Protein Identity and Basic Features

MT-ATP8 from Artibeus jamaicensis is a small mitochondrial protein encoded by the MT-ATP8 gene, which is located in the mitochondrial genome. The protein is also known by several alternative names including A6L and F-ATPase subunit 8 . In the UniProt database, this protein is identified with the accession number O99598, confirming its cataloging in protein databases and its recognition as a distinct biological entity . The full-length protein consists of 67 amino acids, making it relatively small compared to many other proteins involved in energy metabolism .

Genetic Information

The gene encoding this protein, MT-ATP8, has several synonyms including ATP8, ATPASE8, and MTATP8 . As a mitochondrially-encoded gene, MT-ATP8 is part of the mitochondrial genome rather than the nuclear genome. Interestingly, phylogenetic studies have noted that the ATP6 and ATP8 genes have overlapping regions in mitochondrial genomes, which can complicate certain types of genetic analyses . This overlapping gene arrangement is a common feature in mitochondrial genomes across many species and represents an evolutionary adaptation for compact genome organization.

Role in ATP Synthesis

MT-ATP8 functions as a subunit of mitochondrial ATP synthase (Complex V), the inner mitochondrial enzyme that catalyzes the final step of oxidative phosphorylation in the electron transport chain . This complex is responsible for harnessing the energy of the proton gradient across the inner mitochondrial membrane to synthesize ATP, the primary energy currency of cells. Although small in size, MT-ATP8 plays a crucial structural and functional role in the assembly and operation of the ATP synthase complex.
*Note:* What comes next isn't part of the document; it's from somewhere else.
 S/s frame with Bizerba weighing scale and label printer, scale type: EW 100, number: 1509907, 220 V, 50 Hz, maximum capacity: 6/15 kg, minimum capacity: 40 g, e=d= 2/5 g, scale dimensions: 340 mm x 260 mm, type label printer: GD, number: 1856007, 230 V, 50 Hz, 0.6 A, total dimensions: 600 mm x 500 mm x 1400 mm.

The protein is specifically located in the Fo portion of ATP synthase, which is embedded in the inner mitochondrial membrane and forms the proton channel through which hydrogen ions flow back into the mitochondrial matrix. This proton flow drives the rotary mechanism of ATP synthase, enabling the synthesis of ATP from ADP and inorganic phosphate.
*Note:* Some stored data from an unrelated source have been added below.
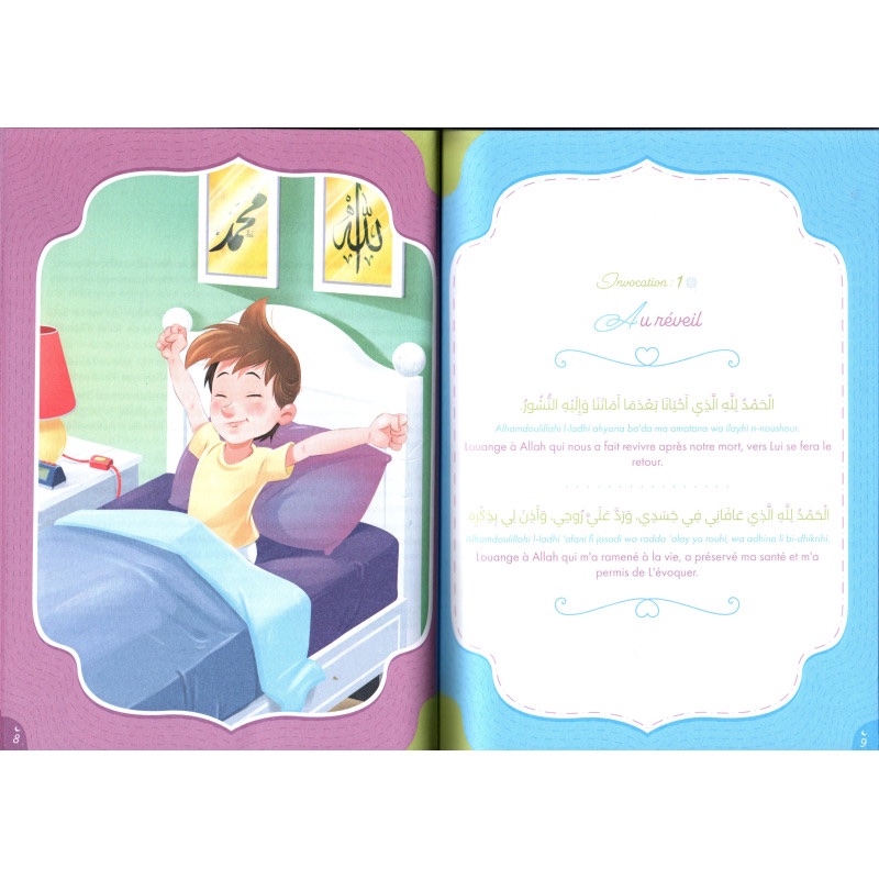 Chaque invocation est écrite en arabe, français et phonétique pour faciliter au mieux l’apprentissage.
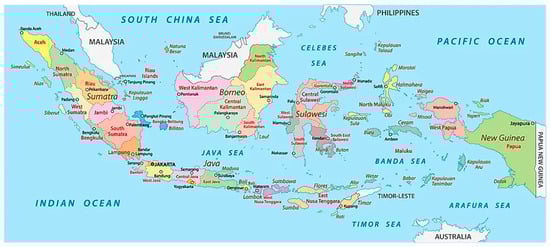 - WorldAtlas. Provinces of Indonesia Map; Reunion Technology Inc.: Montreal, QC, Canada, 2021. [Google Scholar]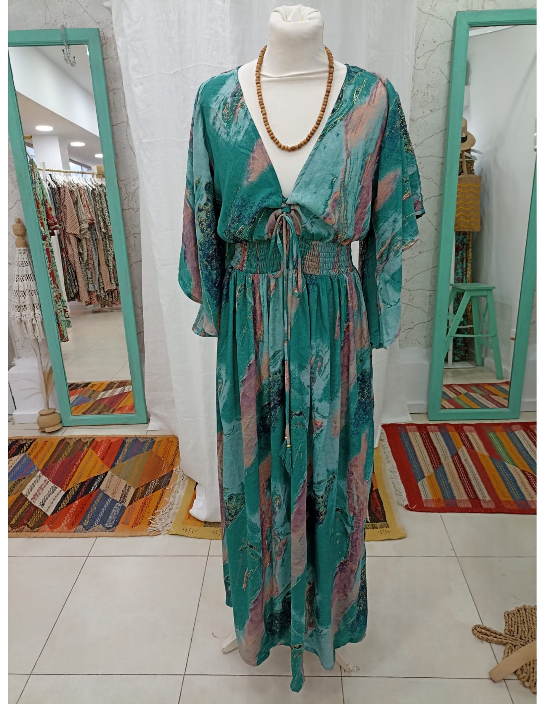 Vestido largo con mangas estampado turquesa rosa

Involvement in Cellular Signaling

Beyond its direct role in ATP synthesis, MT-ATP8 may also be connected to broader cellular signaling networks. Research indicates a potential connection to the AMP-activated protein kinase (AMPK) signaling pathway in Artibeus jamaicensis . The AMPK pathway acts as a crucial sensor of cellular energy status, responding to changes in the AMP:ATP ratio caused by various metabolic stresses. Once activated, AMPK regulates numerous metabolic processes, inhibiting energy-consuming pathways while activating energy-producing ones.

Recombinant Expression Systems

The recombinant form of Artibeus jamaicensis MT-ATP8 is typically produced using bacterial expression systems, particularly Escherichia coli . When expressed in E. coli, the protein can be fused with various tags to facilitate its purification and detection. Although specific information for A. jamaicensis MT-ATP8 is limited, comparable recombinant MT-ATP8 proteins from other species (such as Balaenoptera musculus) are often expressed with N-terminal His-tags to enable efficient purification through affinity chromatography .
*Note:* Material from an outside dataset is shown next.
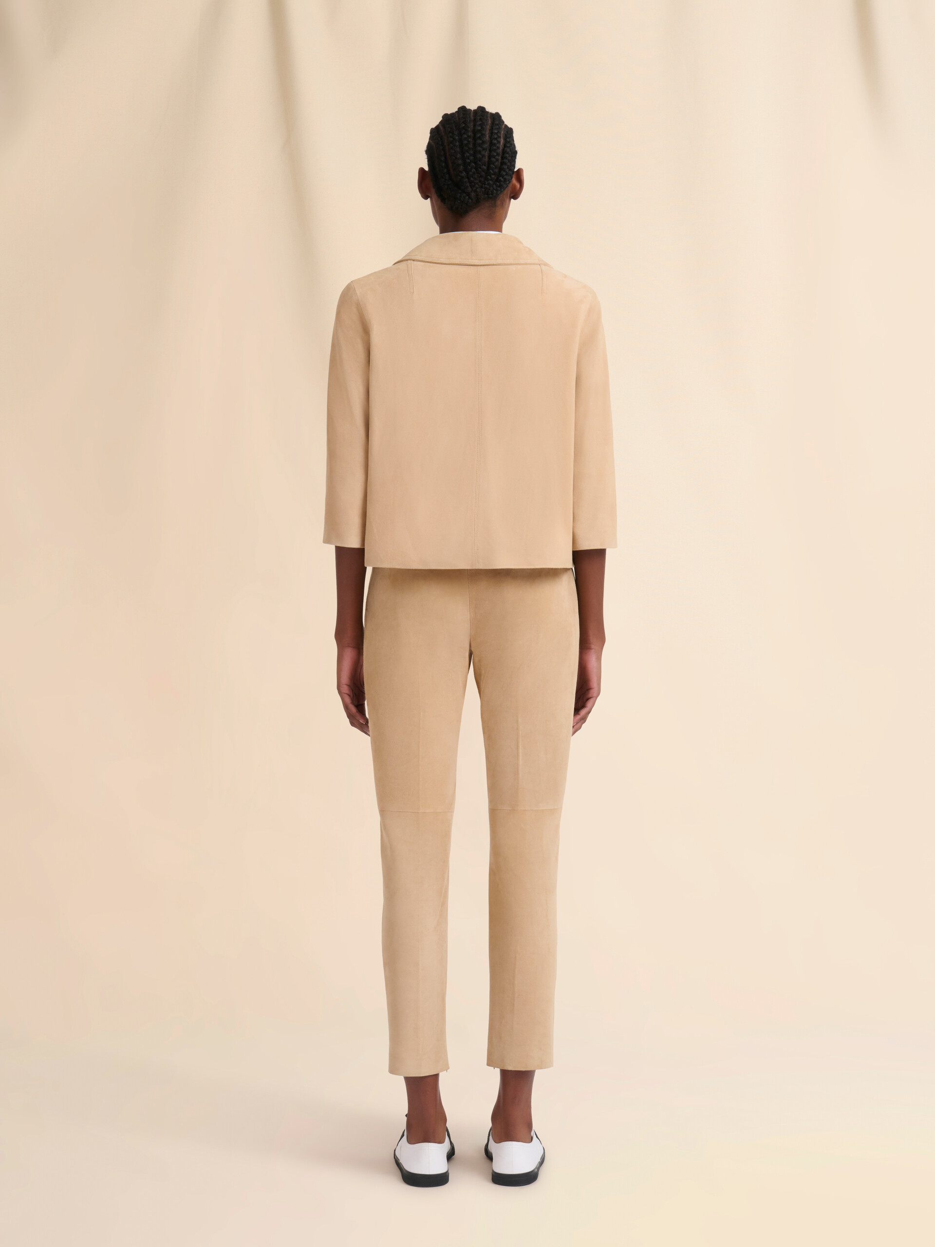 Relaxed-fit boxy jacket made from suede with a remarkably light, silky texture. Single-breasted closure with three buttons. 3/4 sleeves. Three front pockets. Hand-stitched Marni Symbol on the shoulder. Made in Italy

The recombinant production process typically involves:

1. Cloning the MT-ATP8 gene into an appropriate expression vector

2. Transforming the recombinant plasmid into E. coli host cells

3. Inducing protein expression under controlled conditions

4. Cell lysis and extraction of the recombinant protein

5. Purification using affinity chromatography based on the fusion tag

Evolutionary and Phylogenetic Studies

Mitochondrial proteins, including MT-ATP8, have been instrumental in phylogenetic studies of bat species and their relationships to other mammals. The complete mitochondrial genome of Artibeus jamaicensis has been used to develop hypotheses about the evolutionary relationships of bats to other mammalian orders . In these analyses, MT-ATP8 sequences, along with other mitochondrial proteins, provide valuable data for constructing evolutionary trees and understanding the molecular evolution of different species.

Phylogenetic analyses often employ sophisticated statistical methods such as the ProtML program in MOLPHY package and the CodeML program in PAML package with the mtREV-F model to analyze mitochondrial protein sequences, including MT-ATP8 . These analyses help elucidate the evolutionary history and taxonomic relationships among different bat species and between bats and other mammals.

Viral Infection Research

Recent research has utilized Jamaican fruit bat models, including cellular components with mitochondrial proteins like MT-ATP8, to study viral infections. Particularly noteworthy is the establishment of a Jamaican fruit bat intestinal organoid model for investigating SARS-CoV-2 infection . While these studies do not focus specifically on MT-ATP8, they demonstrate the broader research context in which Artibeus jamaicensis-derived biological materials, including recombinant proteins, are being employed.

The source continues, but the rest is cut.